Hood moved his Camaro to a pay lot. Marlon drove his Yukon, just a few months old, the interior still smelling new and the police band scanner under the dash turned low.
“You’ve heard of the Renegades?” he asked.
“Tattooed deputies out of the old Lynwood station.”
“Gung-ho white guys,” said Marlon. “They had big attitudes, thought they ruled the known world. They got tattoos of six-guns on the inside of their ankles, with ‘Renegades’ written underneath like barbed wire. This was ’89, when you were what, nine or ten years old? Those were rough years in the ghetto stations, and Lynwood was right in the middle of South Central. Lots of racial tension between white deputies and black citizens, Gorillas in the Mist and all that kind of thing. Warren was the founding member. The Renegades were his.”

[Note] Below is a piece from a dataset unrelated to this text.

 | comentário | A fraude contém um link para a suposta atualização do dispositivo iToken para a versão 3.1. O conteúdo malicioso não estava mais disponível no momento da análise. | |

Hood looked at his old boss. “Yeah,” said Marlon. “You wouldn’t think of that with what he’s doing now. Back then, Warren swore they were good deputies, total professionals, the good guys. He said the tattoos were just a way of showing solidarity-like a Marine Corps tattoo. He said it wasn’t about power or race, it was only about being a good cop in a bad place. A lot of the Lynwood deputies wanted to be invited in. They really wanted that revolver and the word ‘Renegades’ tattooed on their ankles.”

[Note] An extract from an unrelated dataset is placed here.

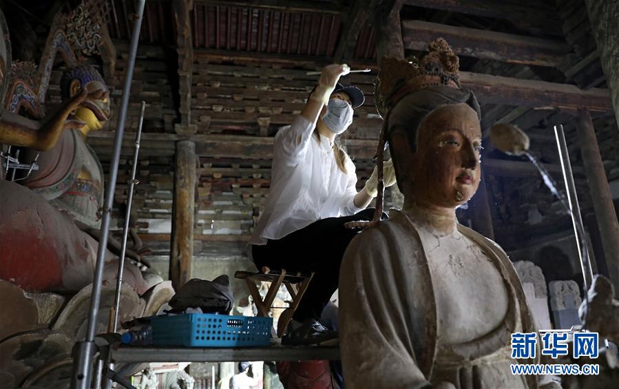 6月8日,工作人員對奉國寺的彩繪泥塑進(jìn)行保護(hù)修復(fù)。

“There were the Vikings and the Reapers and the Saxons, too,” Hood said.
“The Renegades were the first and the toughest. It finally came down to Warren and the sheriff himself, meeting for an hour behind closed doors. When the meeting was over, the Renegades were allowed to continue on with the membership and the tats. That went for all the clicks. The sheriff washed his hands, said he didn’t approve of them, but the deputies had a constitutional right to assemble in that way. Then came Roland Gauss.”
Hood knew of him, as did every LASD deputy. Roland Gauss was the infamous Renegade who staged a series of “drug raids,” in which he and two other deputies, all in uniform, busted known drug dealers, took their cash and product, and sold the dope themselves.

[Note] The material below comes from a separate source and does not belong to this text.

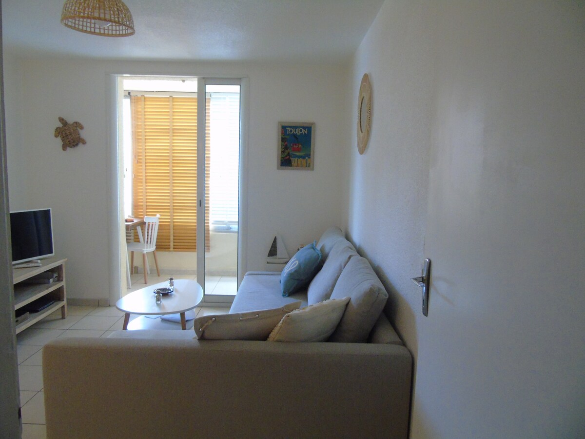 Estudi de 34 m2 amb aire condicionat situat en una residència segura al mig d'un bosc de pins, amb balcó, plaça d'aparcament privada gratuïta, piscina sense calefacció del 15 de maig al 15 d'octubre, cuina equipada, televisió, wifi gratuït, rentadora, armari, roba de llit i tovalloles. La platja de sorra "Les Sablettes" es troba a 250 m de distància. Lloc de excursions i activitats aquàtiques precioses. A poca distància de botigues, restaurants, mercats, connexió directa en vaixell o autobús al port de Toulon i a l'estació de tren.

“When Gauss got caught in the Fed drug sting, Warren stood by him as long as he could. But the evidence was overwhelming against Gauss because someone in his crew was singing loud to the prosecutors. So Gauss tried to sing his way to a lighter sentence, by fingering Warren as the ringleader. He also accused Warren of marital infidelities, drug use, gambling. Warren got suspended. The media played the Renegades story big, and they followed it to the top-Warren. They actually went to his house, staked it out, took his picture. But he kept to his story. He rode it out. Months. By the time the investigation was finished, Gauss was bound over for trial, Warren was exonerated, and the Renegades were banned from the LASD forever. But Warren had that tattoo on his ankle. They all did. Half of them were transferred or took early retirement. Warren had the tattoo removed and he took an IA job nobody wanted. Then, you see what happened. It was like Saul on the road to wherever it was-he started out a badass Renegade and ended up the saint of Internal Affairs. He had this thing for catching bad guys, and he just switched it over to catching bad cops.”
“It seems personal,” Hood said. “He thinks this department is his. Like if you hurt it, you hurt him.”
“Oh, it’s personal all right. His wife died of a heart attack about halfway through the investigation. She had a bad ticker but all the stress didn’t help. They had a good thing. I saw it. To me, she was the saddest casualty of the whole damned mess, that and the way the public thought we were Nazis. What Warren wants now is that nobody like Roland Gauss ever puts on a sheriff’s badge again.”